Closed bjjones closed 4 years ago
The gain comes entirely from the optimized deflate() function.
Looking at the patch, it replaces a managed CRC version with a native CRC version in zlib. Surely this alone is responsible for a portion of the performance delta.
Perhaps a better name for this proposal is "Use native zlib CRC32 instead of managed implementation."
Looking at the patch
I think there's some confusion here, in that I don't think the PR and this issue are directly related.
My understanding is that in this issue @bjjones is proposing ditching clrcompression.dll (the native zlib binary that System.IO.Compression P/Invokes to on Windows) and replacing it with a different zlib implementation, one optimized by Intel. His performance results are based on comparing that newer zlib with the current clrcompression.dll (which is also based on an older zlib source I believe).

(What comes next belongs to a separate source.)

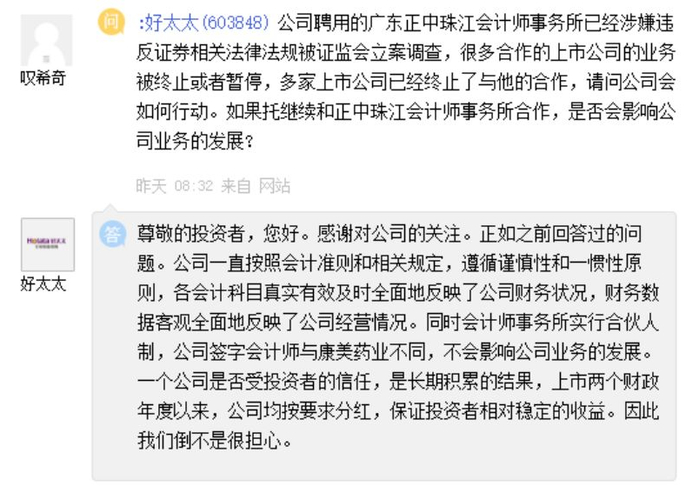 对此,好太太大方表示,“会计师事务所实行合伙人制,公司签字会计师与康美药业不同,不会影响公司业务的发展。”此外,好太太还称,一个公司是否受投资者的信任,是长期积累的结果。对与正中珠江的合作“倒不是很担心”。
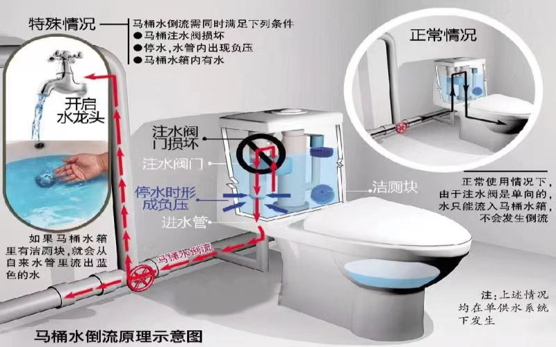 個(gè)別用戶發(fā)現(xiàn)從水龍頭中放出的自來(lái)水有時(shí)會(huì)呈現(xiàn)藍(lán)色。出現(xiàn)這種現(xiàn)象是因?yàn)橛脩粼趲鋬?nèi)放有潔廁靈(藍(lán)色),同時(shí)馬桶進(jìn)水管止回閥損壞導(dǎo)致。正常情況下,在管網(wǎng)壓力的作用下,水的流向是正向的。但由于停水或者樓下有用水,在開啟閥門或水龍頭的瞬間,由于水流的突然變化,使樓上未用水的管道內(nèi)產(chǎn)生了瞬時(shí)負(fù)壓,將水箱內(nèi)的水抽入管道內(nèi),即產(chǎn)生了藍(lán)水現(xiàn)象。只需加裝止回閥,即可解決問(wèn)題。

Separate from that, his recent PR updates the crc32 calculation in the library to use the crc32 function from clrcompression.dll; that change is unrelated to this proposal, other than tangentially. Once updated to P/Invoke to native for the crc32 function, then any improvements that came from an improved native binary would show up as well.
I think there's some confusion here, in that I don't think the PR and this issue are directly related.
If this issue is about only replacing the code on Windows versions, what is the implication to the minimum system requirement that adding this Intel library will have?
The library seems to hard compile in support for PCLMULQDQ rather than detect it at runtime. https://github.com/jtkukunas/zlib/blob/e176b3c23ace88d5ded5b8f8371bbab6d7b02ba8/crc32.c#L443
This means that it will only work on Intel(R) Core processors from 2010 onwards and AMD processors from 2011 onwards. https://en.wikipedia.org/wiki/CLMUL_instruction_set
This also seems to disqualify the entire Intel(R) Atom line as they all (even the server SoC) seem to lack support for CLMUL. (Please correct this if its inaccurate).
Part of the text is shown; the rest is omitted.